### What is needed
The complete data, repeated exactly, should form your response.

BEGIN Records for this exercise

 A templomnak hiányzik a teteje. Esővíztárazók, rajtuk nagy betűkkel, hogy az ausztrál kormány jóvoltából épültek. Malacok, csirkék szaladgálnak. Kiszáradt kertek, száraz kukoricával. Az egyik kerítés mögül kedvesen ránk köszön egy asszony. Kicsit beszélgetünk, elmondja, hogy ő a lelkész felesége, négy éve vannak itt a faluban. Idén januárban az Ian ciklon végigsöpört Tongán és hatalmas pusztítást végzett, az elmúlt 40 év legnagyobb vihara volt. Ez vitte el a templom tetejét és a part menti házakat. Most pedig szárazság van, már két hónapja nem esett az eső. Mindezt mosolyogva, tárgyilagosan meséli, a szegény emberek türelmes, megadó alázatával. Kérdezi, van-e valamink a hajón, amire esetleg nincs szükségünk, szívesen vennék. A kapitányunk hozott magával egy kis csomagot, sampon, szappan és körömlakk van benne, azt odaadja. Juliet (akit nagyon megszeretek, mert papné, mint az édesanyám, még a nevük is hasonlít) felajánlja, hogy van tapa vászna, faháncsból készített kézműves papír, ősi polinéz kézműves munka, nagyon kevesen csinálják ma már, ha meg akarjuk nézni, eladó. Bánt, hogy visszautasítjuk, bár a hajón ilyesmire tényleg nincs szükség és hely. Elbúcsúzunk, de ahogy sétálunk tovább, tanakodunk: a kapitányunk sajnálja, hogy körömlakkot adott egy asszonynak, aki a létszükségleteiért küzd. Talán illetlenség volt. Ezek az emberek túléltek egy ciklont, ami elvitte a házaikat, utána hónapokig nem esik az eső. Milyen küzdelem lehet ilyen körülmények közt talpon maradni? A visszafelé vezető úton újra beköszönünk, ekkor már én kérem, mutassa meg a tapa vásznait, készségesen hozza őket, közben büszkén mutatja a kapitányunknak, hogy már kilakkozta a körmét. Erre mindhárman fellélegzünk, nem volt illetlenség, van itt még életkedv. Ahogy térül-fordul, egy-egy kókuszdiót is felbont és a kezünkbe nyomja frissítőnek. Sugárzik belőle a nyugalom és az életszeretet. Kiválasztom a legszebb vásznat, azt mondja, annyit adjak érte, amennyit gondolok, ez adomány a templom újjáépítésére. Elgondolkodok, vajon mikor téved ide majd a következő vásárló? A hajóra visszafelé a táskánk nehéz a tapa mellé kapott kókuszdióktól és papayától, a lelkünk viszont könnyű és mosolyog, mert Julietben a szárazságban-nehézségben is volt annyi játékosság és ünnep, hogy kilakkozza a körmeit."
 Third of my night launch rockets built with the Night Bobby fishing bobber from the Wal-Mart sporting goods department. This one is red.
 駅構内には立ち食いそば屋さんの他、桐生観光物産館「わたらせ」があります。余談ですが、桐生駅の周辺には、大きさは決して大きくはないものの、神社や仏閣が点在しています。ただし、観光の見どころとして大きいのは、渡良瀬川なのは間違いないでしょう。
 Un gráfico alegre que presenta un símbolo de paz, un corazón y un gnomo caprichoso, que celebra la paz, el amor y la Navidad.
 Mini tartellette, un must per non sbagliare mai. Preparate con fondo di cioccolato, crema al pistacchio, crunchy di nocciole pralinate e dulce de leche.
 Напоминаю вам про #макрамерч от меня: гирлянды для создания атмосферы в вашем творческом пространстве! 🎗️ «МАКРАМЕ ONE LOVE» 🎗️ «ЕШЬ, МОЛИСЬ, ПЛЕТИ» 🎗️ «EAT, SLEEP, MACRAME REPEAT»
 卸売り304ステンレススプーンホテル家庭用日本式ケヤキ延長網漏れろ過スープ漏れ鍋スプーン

END Records for this exercise

### Solution
 A templomnak hiányzik a teteje. Esővíztárazók, rajtuk nagy betűkkel, hogy az ausztrál kormány jóvoltából épültek. Malacok, csirkék szaladgálnak. Kiszáradt kertek, száraz kukoricával. Az egyik kerítés mögül kedvesen ránk köszön egy asszony. Kicsit beszélgetünk, elmondja, hogy ő a lelkész felesége, négy éve vannak itt a faluban. Idén januárban az Ian ciklon végigsöpört Tongán és hatalmas pusztítást végzett, az elmúlt 40 év legnagyobb vihara volt. Ez vitte el a templom tetejét és a part menti házakat. Most pedig szárazság van, már két hónapja nem esett az eső. Mindezt mosolyogva, tárgyilagosan meséli, a szegény emberek türelmes, megadó alázatával. Kérdezi, van-e valamink a hajón, amire esetleg nincs szükségünk, szívesen vennék. A kapitányunk hozott magával egy kis csomagot, sampon, szappan és körömlakk van benne, azt odaadja. Juliet (akit nagyon megszeretek, mert papné, mint az édesanyám, még a nevük is hasonlít) felajánlja, hogy van tapa vászna, faháncsból készített kézműves papír, ősi polinéz kézműves munka, nagyon kevesen csinálják ma már, ha meg akarjuk nézni, eladó. Bánt, hogy visszautasítjuk, bár a hajón ilyesmire tényleg nincs szükség és hely. Elbúcsúzunk, de ahogy sétálunk tovább, tanakodunk: a kapitányunk sajnálja, hogy körömlakkot adott egy asszonynak, aki a létszükségleteiért küzd. Talán illetlenség volt. Ezek az emberek túléltek egy ciklont, ami elvitte a házaikat, utána hónapokig nem esik az eső. Milyen küzdelem lehet ilyen körülmények közt talpon maradni? A visszafelé vezető úton újra beköszönünk, ekkor már én kérem, mutassa meg a tapa vásznait, készségesen hozza őket, közben büszkén mutatja a kapitányunknak, hogy már kilakkozta a körmét. Erre mindhárman fellélegzünk, nem volt illetlenség, van itt még életkedv. Ahogy térül-fordul, egy-egy kókuszdiót is felbont és a kezünkbe nyomja frissítőnek. Sugárzik belőle a nyugalom és az életszeretet. Kiválasztom a legszebb vásznat, azt mondja, annyit adjak érte, amennyit gondolok, ez adomány a templom újjáépítésére. Elgondolkodok, vajon mikor téved ide majd a következő vásárló? A hajóra visszafelé a táskánk nehéz a tapa mellé kapott kókuszdióktól és papayától, a lelkünk viszont könnyű és mosolyog, mert Julietben a szárazságban-nehézségben is volt annyi játékosság és ünnep, hogy kilakkozza a körmeit."
 Third of my night launch rockets built with the Night Bobby fishing bobber from the Wal-Mart sporting goods department. This one is red.
 駅構内には立ち食いそば屋さんの他、桐生観光物産館「わたらせ」があります。余談ですが、桐生駅の周辺には、大きさは決して大きくはないものの、神社や仏閣が点在しています。ただし、観光の見どころとして大きいのは、渡良瀬川なのは間違いないでしょう。
 Un gráfico alegre que presenta un símbolo de paz, un corazón y un gnomo caprichoso, que celebra la paz, el amor y la Navidad.
 Mini tartellette, un must per non sbagliare mai. Preparate con fondo di cioccolato, crema al pistacchio, crunchy di nocciole pralinate e dulce de leche.
 Напоминаю вам про #макрамерч от меня: гирлянды для создания атмосферы в вашем творческом пространстве! 🎗️ «МАКРАМЕ ONE LOVE» 🎗️ «ЕШЬ, МОЛИСЬ, ПЛЕТИ» 🎗️ «EAT, SLEEP, MACRAME REPEAT»
 卸売り304ステンレススプーンホテル家庭用日本式ケヤキ延長網漏れろ過スープ漏れ鍋スプーン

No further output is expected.